Twenty Six years ago on January 28, 1986 the space shuttle Challenger with six crew members plus school teacher, Christa McAuliffe, came to a horrifying end at 48,000 feet and fell to the earth with millions of people watching live TV, including many children in their classrooms.
In 1962, the day after John Glenn orbited the Earth in Friendship 7, Christa told a friend at her high school, "Do you realize that someday people will be going to the Moon? Maybe even taking a bus, and I want to do that!"
Christa became a teacher at Concord High School where she taught social studies, history, law, economics, and her self-designed course, "The American Woman". It was here that she learned of President Ronald Reagan's announcement of the Teacher in Space Project. NASA was looking for an "ordinary person and gifted teacher who could communicate with students while in orbit". Christa became one of 11,000 applicants writing, "I cannot join the space program and restart my life as an astronaut, but this opportunity to connect my abilities as an educator with my interests in history and space is a unique opportunity to fulfill my early fantasies. I watched the Space Age being born, and I would like to participate."
Out of the 11,000 Christa was chosen with Barbara Morgan as her backup. They both took a year absence from teaching in order to train for the mission. Christa was prepared to conduct basic science experiments in the fields of chromatography, hydroponics, magnetism, and Newton's laws. She was also going to conduct two 15 minute classes from space, including a tour of the spacecraft called "The Ultimate Field Trip" along with a lesson about the benefits of space travel called "Where We've Been, Where We're Going, Why". Her lessons were going to be broadcast to millions of schoolchildren via closed-circuit TV.

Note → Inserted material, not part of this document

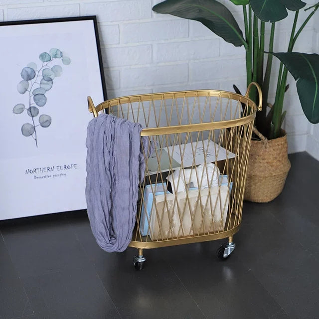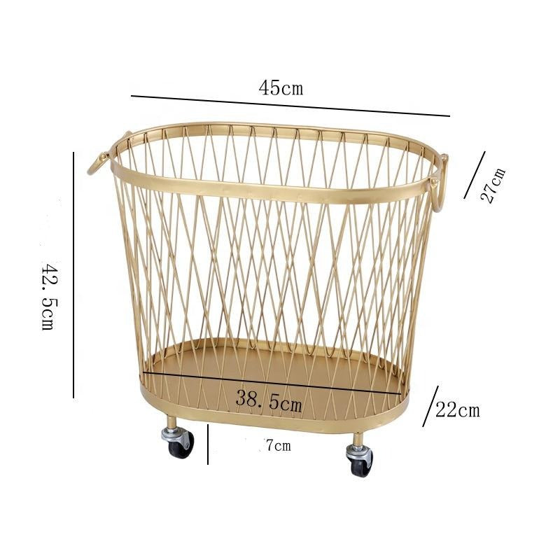 Simple Elegant Laundry Organizer Made of Iron Clothes Basket with wheels

Survived by her husband, son and daughter, parents, and 4 siblings Christa was buried at Blossom Hill Cemetery in Concord, New Hampshire, and mourned by the world. She has been honored and memorialized with the Christa McAuliffe Planetarium/McAuliffe-Shepard Discovery Center in Concord, the Christa McAuliffe Residential Community building at Bowie State University, a crater on the moon named McAuliffe, an asteroid named 3352 McAuliffe, and a crater on Venus named McAuliffe by the Soviet Union. There have been 40 schools around the world named after her, including the McAuliffe Space Education Center in Pleasant Grove, Utah.
Scholarships and other events have been established in her memory. The Christa McAuliffe Technology Conference has been held in Nashua, New Hampshire, ever year since 1986, and is devoted to the use of technology in all aspects of education. The Nebraska McAuliffe Prize honors a Nebraska teacher each year for coverage and excellence in education. Grants in her name, honoring innovative teachers are provided by American Association of State Colleges and Universities and the National Council for the Social Studies. Christa's parents, Edward and Grace Corrigan, worked with Framingham State College to establish the McAuliffe Center for Education.
On July 23, 2004, Christa and all the other 13 astronauts lost in both the Challenger and Columbia disasters were posthumously awarded the Congressional Space Medal of Honor by President George W. Bush.